Martin Potter

Personal information
- Nickname: Pottz
- Born: 28 October 1965 (age 60) Blyth, Northumberland, England

Surfing career
- Sport: Surfing
- Best year: Ranked 1st on the ASP World Tour, 1989
- Sponsors: Astrodek
- Major achievements: ASP World Champion in 1989

Surfing specifications
- Stance: Regular (natural foot)

= Martin Potter (surfer) =

Former professional surfer

Martin "Pottz" Potter (born 28 October 1965 in Blyth, Northumberland, England), is a former professional surfer.

==Early life==
Potter's parents emigrated to Durban, South Africa when he was two years old. He began surfing off the beaches of his hometown Durban at age 10. By the age of 15, he was surfing 20+ foot waves at the Banzai Pipeline surf break on Hawaii's North Shore. At the time, he was using the assistance of a jet-ski to 'tow-in' to the wave as an alternative to paddling. This pre-dated modern tow-in surfing and can help lay claim to Potter being one of 'tow-in' surfings pioneers. In his late teens his parents moved back to the UK to live. During this period Potter was competing on the surfing world tour.
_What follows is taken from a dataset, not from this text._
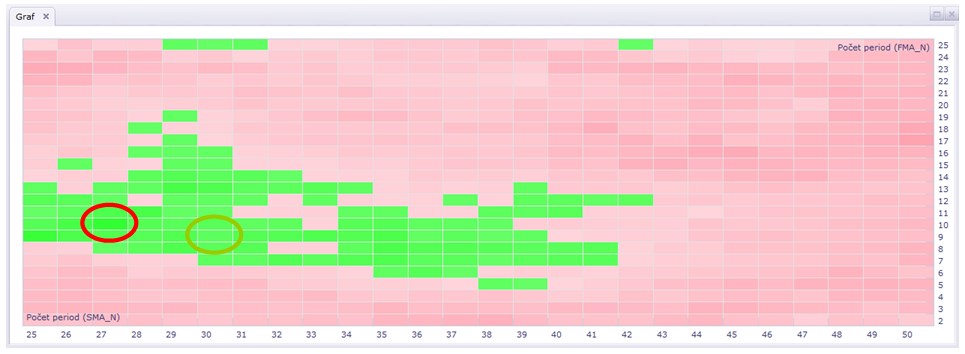 hodnotu 30 a FMA na hodnotu 9 (znázorněno zeleným oválem). Kombinace SMA 30 a FMA 9 je totiž, jak je dobře zřejmé z obrázku, obklopena značným počtem ziskových kombinací, a proto je pravděpodobné, že i v případě změny charakteru obchodovaného trhu by systém s takovýmto nastavením mohl solidně fungovat.

==Professional surfing career==
He became a pro in 1981 and In 1989 after claiming 6 tour victories from 25 events he became "World Surfing Champion". This would come fourteen years after learning to stand on a surfboard.

'Pottz' redefined competitive surfing through performing technically high-risk moves such as aerials (where a surfer is able to use the energy of a wave to launch themselves free of it together with their surfboard, and to land back down onto the water and continue on) and 360's (the surfer and surfboard rotate on a wave 360 degrees before continuing on), which were previously only performed in the domain of free surfing (as opposed to competitively). He was also responsible for the invention of several surfing maneuvers such as the "rock-n-roll" (the same as performed on a skateboard).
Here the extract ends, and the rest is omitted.